Но утром на сеновале, где Витька обычно спал летом, его не оказалось.
Никифор со злости так литовкой пластал, чуть не сломал ее. Дважды с маху в пни всаживал. Добро, что трухлявые попадались.
Настасья с опаской поглядывала на него. Росла в сердце тревога. А тут еще такое случилось, хоть вовсе к мужу не подходи.
В глубокой яме-бочажине на Ключевой заприметил Никифор стайку крупных хариусов. На самом покосе, у стожья.

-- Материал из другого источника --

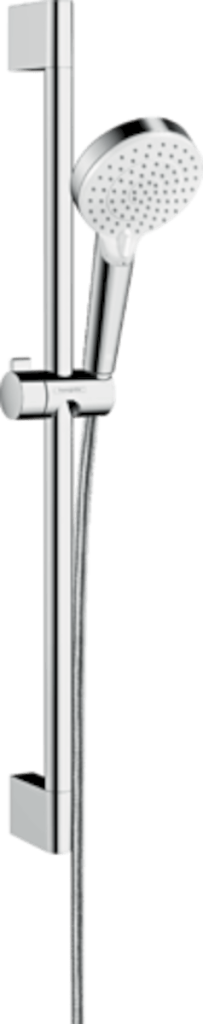 Moderní kombinace lesklých chromových povrchů a bílého sprchového disku vytváří oživující kontrast. Neotřelý a hodnotně působící design ruční sprchy a nadčasově elegantní sprchové tyče se harmonicky začlení do každé koupelny.

Как тут устоишь перед соблазном! Заранее удочку приготовил. Не пожалел, потратил вечер, новую леску ссучил — в четыре конских волоса.
Прихлопнул Никифор у себя на потной рубахе паута, насадил. Осторожно ступая по мягким кочкам, подобрался к берегу, легонько перекинул леску через ивняк и присел на корточки, сквозь прутья следя за поплавком. Ждать долго не пришлось. Рванул Никифор удилище… Леска тихо тинькнула, в воде шумно забултыхалась рыба. А он все стоял, потерянно смотрел на кончик скрутившейся лесы; в руке его подрагивало удилище.
Опомнился Никифор, матюкнулся на весь лес и пошел к остожью. Достал из-под пня фляжку с брагой, запрокинул голову. Тут как раз на тропке показа лея Витька.
Никифор ждал его у телеги, теребя короткопалой рукой свернутые восьмеркой вожжи. Потом шагнул навстречу.
Витька задержал шаг, растерянно глянул по сторонам и начал медленно пятиться. Отец надвигался на него. Витька видел красное, рассерженное лицо, вожжи в набрякшей руке. Хотел остановиться, заговорить с отцом, но не мог. Наткнувшись спиной на гибкий ствол черемухи и уронив что-то, он вздрогнул и оглянулся. В траве лежала его литовка.
С испугу ли, а может, с отчаяния — куда тут денешься — ошалел Витька. Резко нагнулся, схватил литовку, качнулся к отцу:
— Не подходи!
Зарябило в глазах у Никифора от ярости. Затрясся весь.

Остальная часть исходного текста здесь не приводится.